A Mayotte, Macron promet une « loi spéciale » pour la reconstruction
latribune.fr

Un garçon sur une place de Passamainty à Mayotte le 20 décembre, 6 jours après le passage dévastateur du cyclone Chido.
Reuters
latribune.fr

Un garçon sur une place de Passamainty à Mayotte le 20 décembre, 6 jours après le passage dévastateur du cyclone Chido.
Reuters
[Article publié le vendredi 20 décembre à 14h31, mis à jour à 18h27] Emmanuel Macron a quitté Mayotte, ce vendredi 20 décembre à la mi-journée, a constaté une journaliste de l'AFP. Le chef de l'Etat s'était rendu sur l'île dévastée par le passage du cyclone Chido le 14 décembre dernier. Selon un nouveau bilan provisoire du ministère de l'Intérieur ce même jour, 35 morts et quelque 2.500 blessés ont été recensés. Il s'est envolé en direction de Djibouti, où il doit notamment partager le repas de Noël avec les troupes françaises qui y sont stationnées.
Avant de prendre l'avion, Emmanuel Macron a présidé, en visioconférence depuis Mayotte, la cellule interministérielle de crise à 12h30, heure locale, (10h30 à Paris). Objectif affiché, « conclure son déplacement et transmettre au gouvernement et aux administrations les actions utiles à prendre », a expliqué l'Elysée. Il ne s'est pas exprimé à l'issue de cette réunion.
« On a envoyé la force militaire pour déblayer les routes », « tout va être distribué », avait-il assuré plus tôt ce vendredi, reconnaissant qu'il fallait « mieux informer », car l'absence d'information « crée de l'angoisse ».
Emmanuel Macron a promis que « tous les foyers seront à nouveau raccordés » à l'eau à partir de samedi. « On ne pourra pas reprendre l'eau à 100% mais on va réorganiser, à partir de demain, des tours d'eau », a précisé le président de la République. « La priorité des priorités, c'est le combat pour l'eau potable, l'eau de consommation », a affirmé le chef de l'Etat face au risque de déshydratation qui menace les sinistrés, isolés et parfois privés d'eau potable et de nourriture.

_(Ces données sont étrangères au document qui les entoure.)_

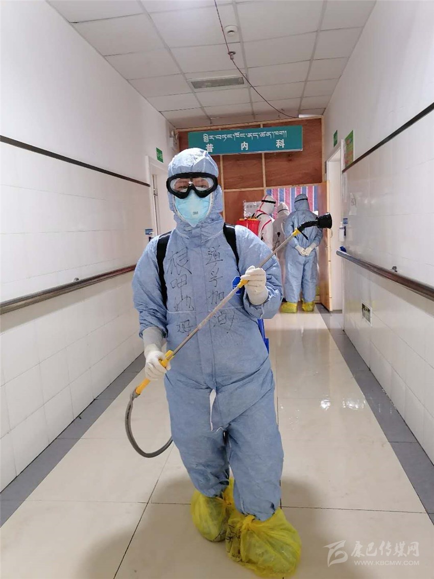 除了日常護理,根呷她姆的還要負責每日病房的消毒工作、垃圾清理以及清潔衛生工作。“消毒工作格外重要,必須做到不漏一個死角。”根呷她姆強忍著84消毒液刺激引起的嗆咳及生活垃圾引起的惡心發嘔,一絲不茍,任勞任怨,做好每一天的消殺清潔工作,讓病毒無處遁形。在同事面前她是護士長、家長,在病人面前,她是護士、護工、清潔工、家屬、心理老師……根呷她姆每天在各種角色間轉換自如,不怕臟、不怕累、不怕苦,拼盡全力只為打贏這場沒用硝煙的戰爭!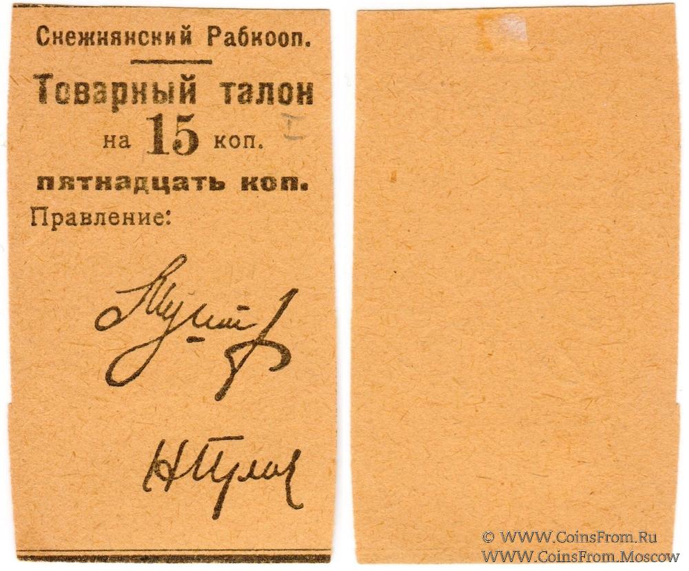 Товарный талон без даты (1925 г.). Жёлтый. Снежнянский Рабкооп.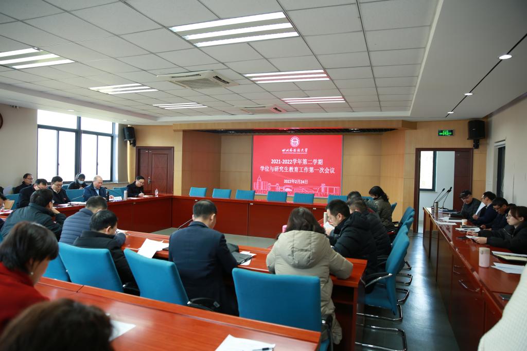 2月24日下午,2021-2022学年第二学期学位与研究生教育工作第一次会议在立德楼C517召开。校长董洪川、副校长王仁强、研究生教育督导成员、各学院主要负责人、分管研究生教学副院长及教学秘书、有关职能及教辅部门负责人参加会议。王仁强主持会议。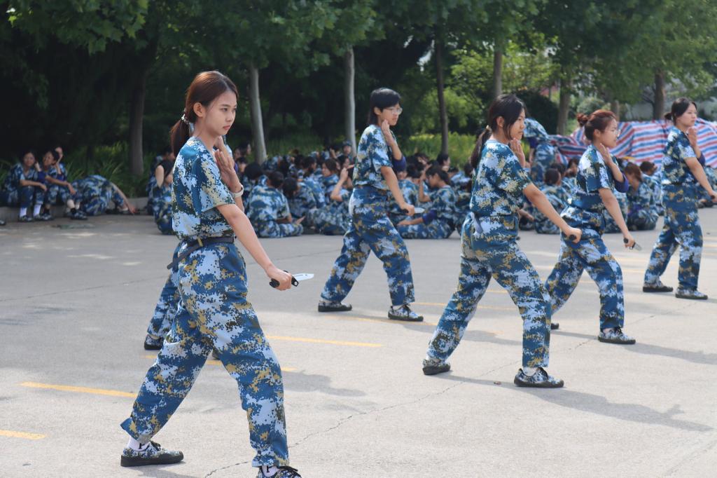 巾帼不让须眉,红颜一样刚强。九月初的阳光依旧火辣而张扬,在特色方队红缨连的训练场上,我们看到了诸侯ok1133官网学子们的身影,女生们手持匕首,在教官的指示下,一招一式精准有力,一声令下,扑通倒地,尽管摔得生疼,纵使汗如雨下,但女孩们没有抱怨,坚持训练,全然以“我是一个兵”的心态严格律己,用笔挺的军姿、清脆的口号、干净利落的动作展示了巾帼不让须眉的气势,将“坚持不懈、永不服输”精神展现得淋漓尽致。红缨连连长任学剑骄傲地说:“我们的女兵个个都是好样的,红颜更胜儿郎!”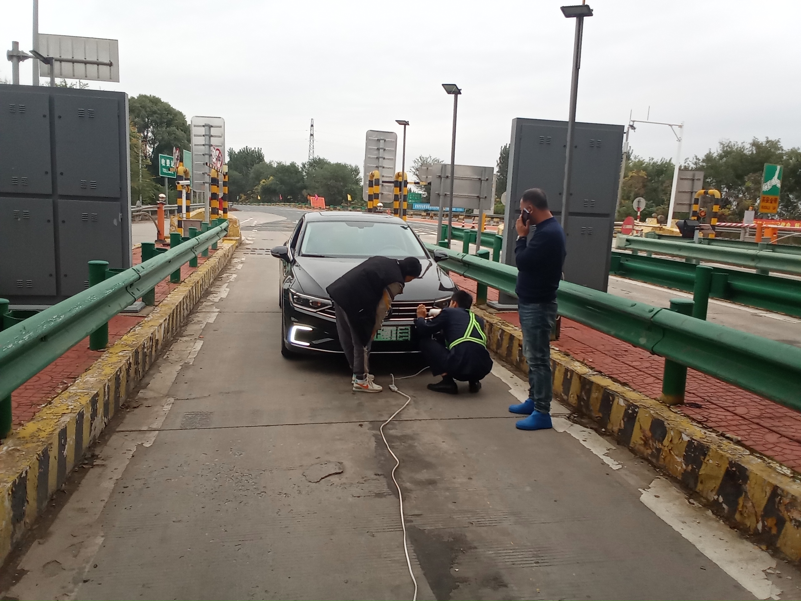 10月17日,在河北高速固安南收费站,电动汽车司机师傅对着收费员连连道谢,困扰他的车辆故障在工作人员的巧手下顺利化解。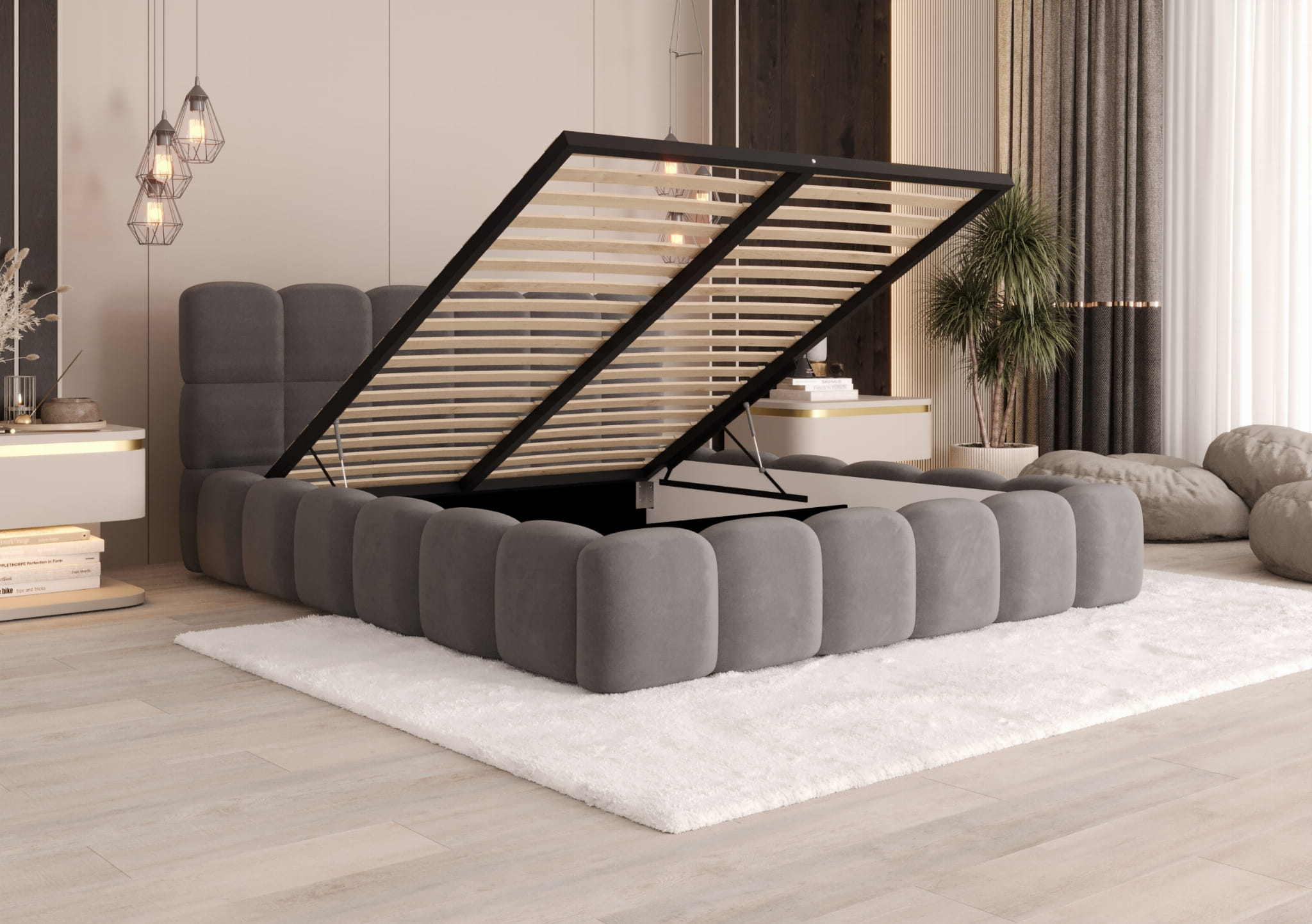 Łóżko FIONA to synonim luksusu i funkcjonalności, które spełni wszystkie Twoje oczekiwania. Jego wielopanelowy design to nie tylko estetyka, ale także solidność i wygoda, które podnoszą komfort użytkowania.

Pour le rétablissement des lignes téléphoniques, « ça va prendre du temps, mais « on va mettre des systèmes satellitaires », avait-il promis, alors qu'il se trouvait à Tsingoni, commune enclavée de l'ouest de Grande-Terre, l'île principale de l'archipel de l'océan Indien.
Alertes en temps réel sur les informations économiques majeures.

En amont, il s'était d'abord rendu dans des localités éloignées de Mamoudzou, le chef-lieu du département le plus pauvre de France, où les secours, l'eau, l'électricité et la nourriture tardent justement à arriver.
A plus long terme, Emmanuel Macron a, également, promis une « loi spéciale » pour « rebâtir » Mayotte. Un objectif réalisable en deux ans, a estimé, de son côté, François Bayrou. Le but de cette loi est, notamment, de « mettre fin » aux bidonvilles et de « supprimer » ces habitats « indignes » et « dangereux ».
Environ un tiers de la population de Mayotte, soit plus de 100.000 habitants, notamment des personnes en situation irrégulière venant des Comores voisines, vivent dans ces logements précaires. Et pour cause, Mayotte est séparée de seulement 70 kilomètres des côtes comoriennes. Or, au moment de la proclamation de l'indépendance des Comores, Mayotte avait choisi de rester en France par deux référendums en 1974 et 1976. Mais la pauvreté pousse tous les jours des Comoriens à tenter de gagner Mayotte par la mer et au péril de leur vie à bord de pirogues très précaires.
Emmanuel Macron a aussi dit vouloir « renforcer la lutte contre l'immigration clandestine » en augmentant, jusqu'à presque doubler, le nombre de reconduites à la frontière, qui était de 22.000 en 2023. Il a, en outre, fixé à lundi 23 décembre la journée de « deuil national » en solidarité avec Mayotte, avec drapeaux en berne et minute de silence partout en France à la mi-journée.
À lire également
L'Urssaf suspend la collecte des cotisations et contributions sociales
« En soutien aux employeurs, auto-entrepreneurs et travailleurs indépendants mahorais affectés, la Caisse de sécurité sociale de Mayotte (CSSM) et l'Urssaf ont décidé de suspendre la collecte et le recouvrement des cotisations et contributions sociales jusqu'à nouvel ordre », a indiqué l'Urssaf dans un communiqué ce vendredi, précisant que cela concerne même ceux dans le cas où « des échéanciers et des demandes de paiement ont été reçus ».
Dans le même temps, le paiement des impôts par les entreprises mahoraises « pourra faire l'objet d'un report », a indiqué Matignon dans un communiqué, sans donner de date pour ce report.